When I was a kid, my dad used to fry up these things called Durkenunders. I have no idea if I'm spelling it right, but it doesn't matter, because it seems like our little family is the only one in the world that has these fabulous little hunks of scrambled pancakey goodness. I have Googled and Googled, but I've never found even a single mention of them. And more's the pity, really. So, here you go, World Wide Interwebs. Get you some Durkenunders.
My dad's mom used to make them... her mother and mother in law made them... their mothers made them... they're apparently an old German recipe that's (maybe) somewhat common to the Upper Penninsula of Michigan. I know that my grandmother's great-grandmother (that's... uh... 5 generations back?) came over from Bavaria when she was 4 years old, and she made them. That's about as far back as I can trace them, given that we are most likely pronouncing and spelling the name wrong.
We always had our Durkenunders with pure maple syrup from Jasper's Sugar Bush (best maple syrup in the world, hands down!) but I'm told that they can be served with gravy, with vinegar, with jam... whatever you would put on pancakes or potatoes. My favorite ways to top it are with Jasper's Sugar Bush maple syrup (for breakfast) or with a sprinkle of vinegar (for a quick side dish when you realize you forgot to scrub the potatoes), but you can do what you want with the toppings.
The recipe is very simple.
DO NOT change the recipe to make it healthier or lighter or whatever. If you do, don't call it Durkenunders, 'cause it just won't be Durkenunders if you mess around with it. I don't much care what you decide to top them with (if you can resist munching on them right out of the pan), but please, for the love of all that's delicious and good in this world, don't screw with the recipe unless you're going to rename it.
Take about a cup of flour, two eggs, a pinch or two of salt, and enough milk to make a thick batter. It will look like pancake batter, but it should be thicker. The more you beat it up, the better it will be, so don't wimp out.
Now, melt some butter in a frying pan. Yes, it has to be butter. Again, don't go trying to low-calorie-ify my childhood, please. It's best if you use real salted butter in a real cast-iron frying pan. If you absolutely must use something other than butter, please stop making this recipe right now. If you can't help yourself, fine, proceed... but don't call whatever you're making Durkenunders!
OK, so you've got your butter melted in your cast iron pan. Dump all the batter in. Yes, all of it. It should be about 1/2 inch thick in the pan.
Wait for the edges to get bubbly. Keep waiting. No, not bubbly enough yet. OK... now.

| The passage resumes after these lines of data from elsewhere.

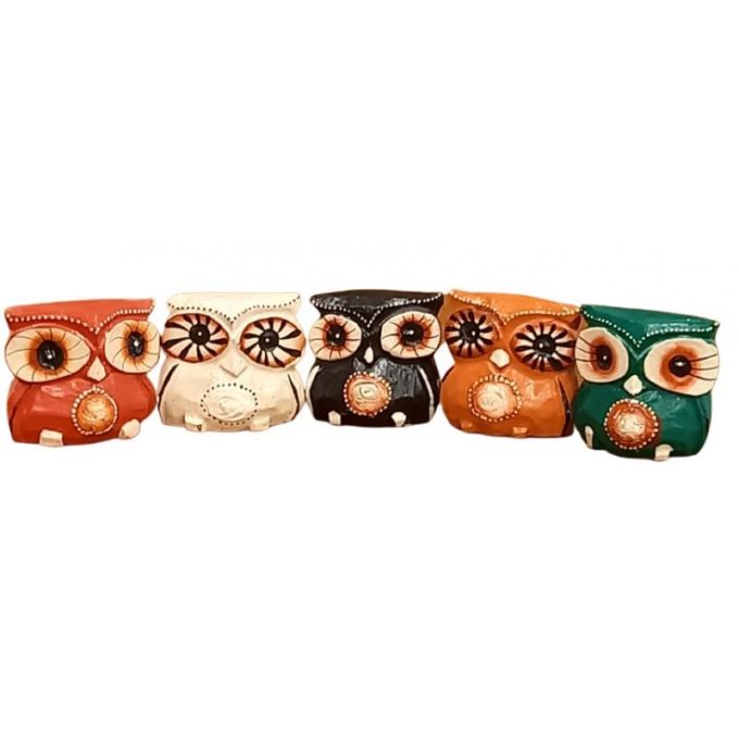 Pack 5 Buhos Madera 5 x 5 cm Aprox.(Blanco,Naranja,Negro,Rojo,Verde)
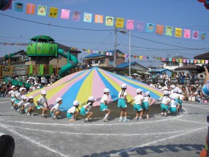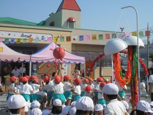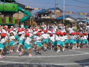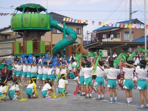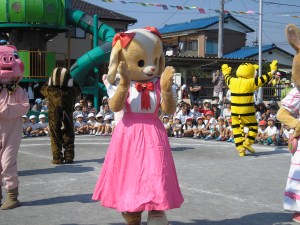 ぬいぐるみの行進 暑い中、年長組のお父さんお母さんに着ぐるみを着て踊っていただきました。 お疲れ様でした・・・
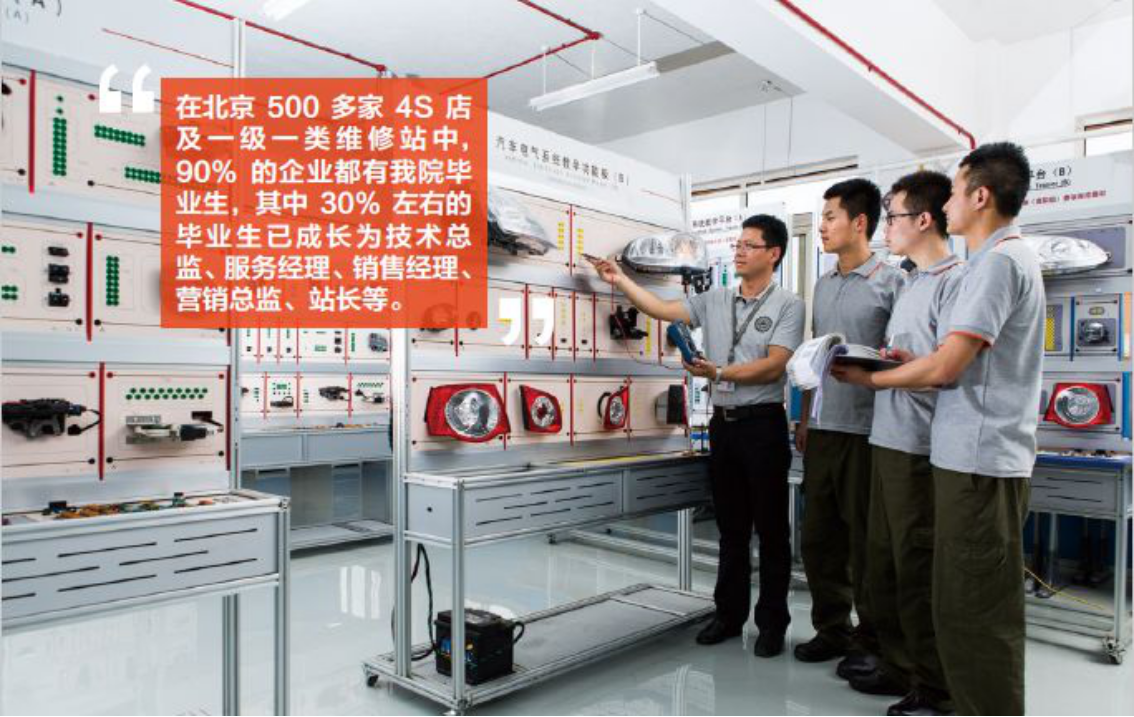 毕业生成为汽车后市场专业技术人员和销售及售后服务人员的精英团队,遍布北京中高端汽车品牌经销店,在汽车诊断与检测、汽车销售与服务管理、汽车钣金与喷漆、汽车配件管理、汽车定损与评估领域发挥了骨干作用。

Attempt to flip the whole thing over. If you get it over in one piece, hats off to you! If you don't, don't sweat it; you're going to start hacking away at the whole thing anyway.
Start hacking with your spatula and break the Durkenunder into a lot of little Durkenunder pieces. Get them to about the size of pieces of scrambled eggs. When they're all hacked up, they should be just about cooked through. Stir them around while they finish cooking, and then turn off the heat. They can stay in the cast iron pan to keep warm. If you're cooking on an electric cook top, make sure you remove the pan from the heating element you just used.
These are the absolute best with maple syrup. Get some from the Sugar Bush!
Happy breakfasting!
We had Durkenunder for dinner tonight, my grandmother's recipe. Grandma is from the Black Forest of Germany. Her recipe is: 1 cup flour, 1/2 cup of milk and sugar and a dash of salt. We add diced apples and fry it up the same way you described. Just spinkle some sugar and cinnamon and you have our version of yummy Durkenunder. No, I don't know if I am spelling it right either.